Share data.table among R sessions by reference

DeppLearning commented 6 years ago

I'm looking into ways of sharing a data.table among several R processes on the same maschine by reference, is there already one that I missed? I'm looking for functionality analogous to this:

https://www.rdocumentation.org/packages/bigmemory/versions/3.12/topics/describe%2C%20attach.big.matrix

Thank you for the great work on this package.

MichaelChirico commented 6 years ago

There might be some way to use address(DT)? And/or attr(DT, '.internal.selfref')?

DeppLearning commented 6 years ago

Thank you for the suggestion. I had similar attempts but after reading up I believe you simply can't directly, since these are externalptr objects which are of no use outside their corresponding R session.

franknarf1 commented 6 years ago

File-backed data.tables (#1336) might help (?), though I imagine they will have to be locked for editing/writing (like .SD is) under some conditions.

st-pasha commented 6 years ago

There is only one way to share memory across processes: one of the processes has to allocate a new shared memory region using mmap and give it a unique id. This id then have to be communicated to the other process through traditional means (such as pipes). The other process can then mmap the same memory region via the id that it received. If you think about these ids as file names, then the process is exactly equivalent to one process creating a temporary file, and the other process reading from that file; except that the file will be located in memory. Actually, it doesn't have to -- you can open and share a regular file instead.

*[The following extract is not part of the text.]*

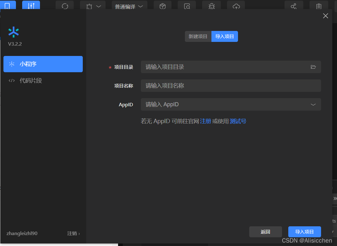 1.6 进入后点击导入项目,将刚才复制的地址输入到项目目录中 (输入后会弹出弹框,
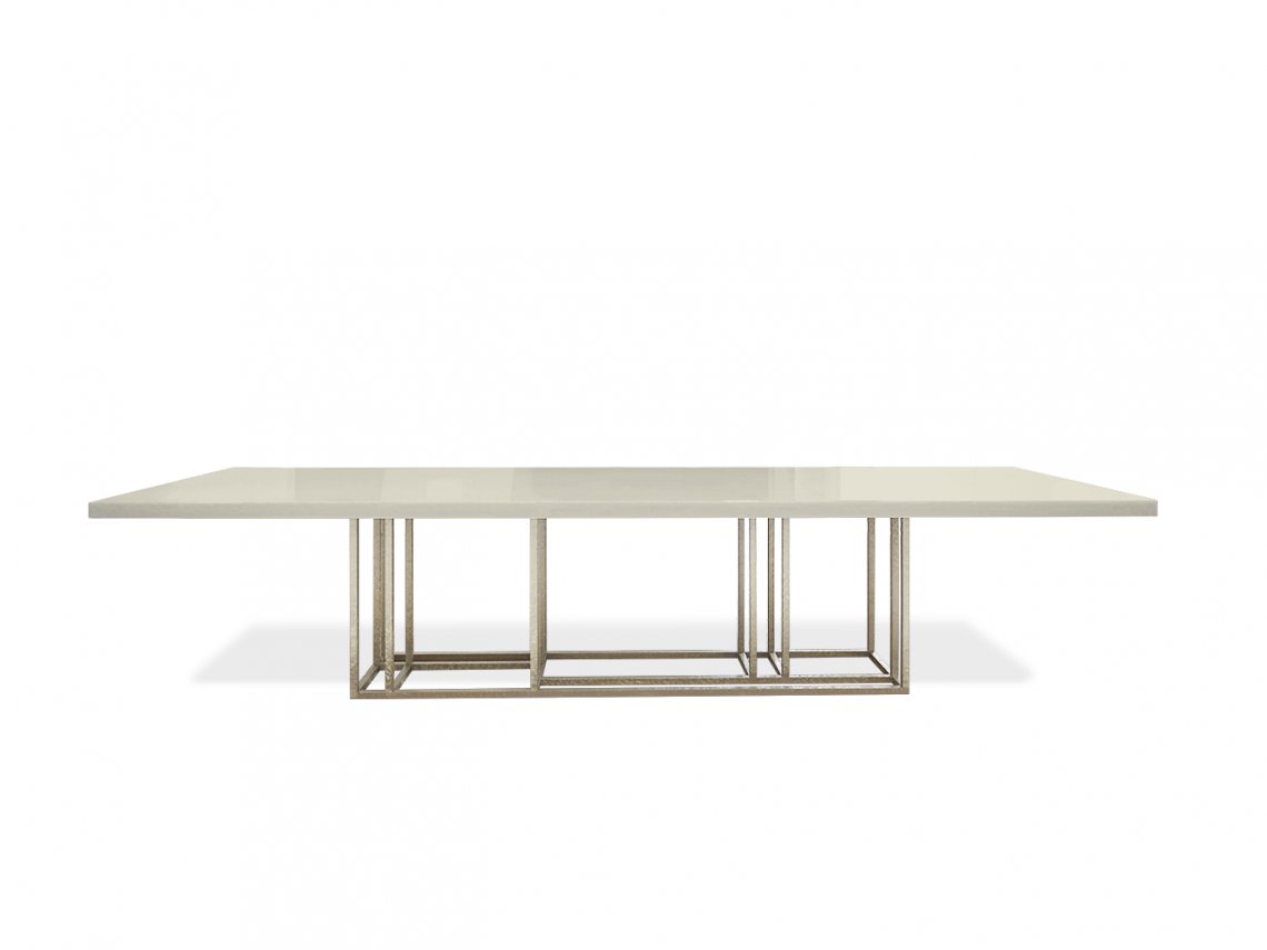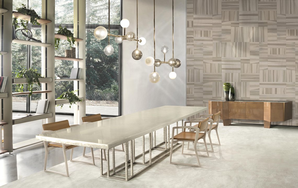 The tables of Lineup collection are available in round and rectangular shape, both in several different sizes. The skillful manual method of metal engraving is inspired by the working techniques of Italian premium class jewelry. The essential and rigorous metal structure creates a harmonious contrast with the top, realized with a decorative finish composed of resins, coloured pigments and natural elements. The extraordinary decorative strength of this table with geometric lines perfectly fits a contemporary dining area.

Now, a difficult part is to have a data.table object living in a file. This is something that requires intricate knowledge of R internal API. How do you place a single R vector at a given memory address? How do you ensure that R will not attempt to resize or reclaim this vector? What to do with string columns, where each string is a reference into the global string cache (and the global string cache cannot be shared)?

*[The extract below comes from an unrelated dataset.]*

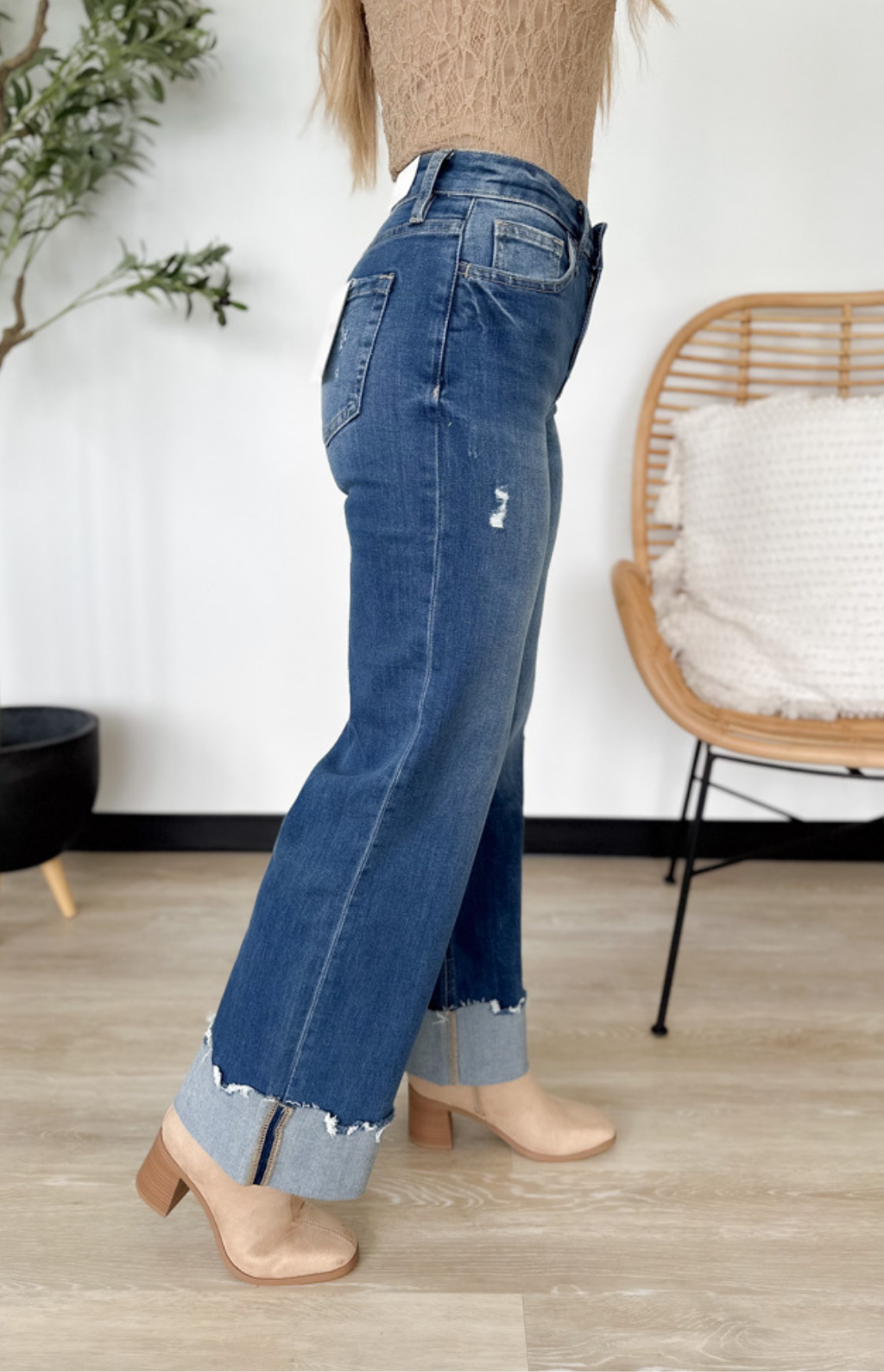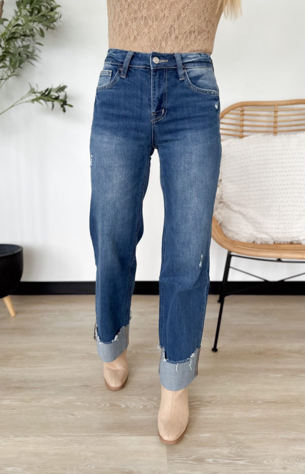 These high-rise, medium wash jeans are the perfect mix of relaxed and trendy. The baggy leg gives them that effortless, laid-back vibe, while the wide cuff detail adds a touch of modern style. Designed to flatter at the waist and flow comfortably through the leg, they’re easy to dress up or down. Pair them with a fitted tee, a cozy sweater, or a tucked-in blouse for a balanced, on-trend look. Comfortable, versatile, and full of personality—these jeans are your new everyday favorite.

These are all quite hard questions, and I don't know the answers. However, it is possible in principle. At least Python datatable solved exactly this problem successfully: a Frame can be saved into a .jay file in one process, then memory-map opened in any number of other processes, and the copy-on-write semantics ensures that no changes can be accidentally leaked.

shrektan commented 6 years ago

Moreover, how could the process B know whether the memory is still valid or not (rather than garbage), since the process A may have been killed already.

sritchie73 commented 6 years ago

@st-pasha and @shrektan , The bigmemory R package that @weltherrschaf references solves this problem for matrix objects (i.e. vectors with dimensions attached), so it can be done. Presumably the bigmemory internals could be extended to store multiple vectors (i.e. because a data.table is a data.frame, and a data.frame is really a list() of vectors).

There is one caveat to be aware of with this type of file-backed shared-memory objects: some (all?) HPC clusters with multiple nodes hate these. If you create a file-backed shared memory object and try to access it from multiple R sessions the object essentially locks up those processes due to the consistency checks made by the HPC filesystem (because of the possibility those processes might be spread over multiple nodes - even if you explicitly ask for the same node). This is something I had the (dis)pleasure of learning when trying to publish my NetRep R package in my PhD, after paper acceptance passing software review I discovered this problem and ended up having to rip out the internals and quickly learn C++ so I could parallelise the code (through casting to a C++ armadillo matrix and writing multithreaded code that operated on those C++ objects in shared memory).

sritchie73 commented 6 years ago

Actually we could probably just do something simple with the bigmemory package: write a function that converts each column to a big.matrix object, and another that can load those matrix/columns and wrap them in a data.table in your new R session. I might play with this over the weekend.

DeppLearning commented 6 years ago

I used bigmemory for a while and it's not ideal. Attaching a big.matrix can take quite a while. Additionally the package tends to accumulate temp files that you'll might have to clean up yourself once in a while.
I think I'd prefer something like feather (https://github.com/wesm/feather) which apparently uses dplyr, is file backed via the apache arrow format (https://arrow.apache.org/) and can be used from python and a bunch of other languages directly. feather with data.table instead of dplyr would be great.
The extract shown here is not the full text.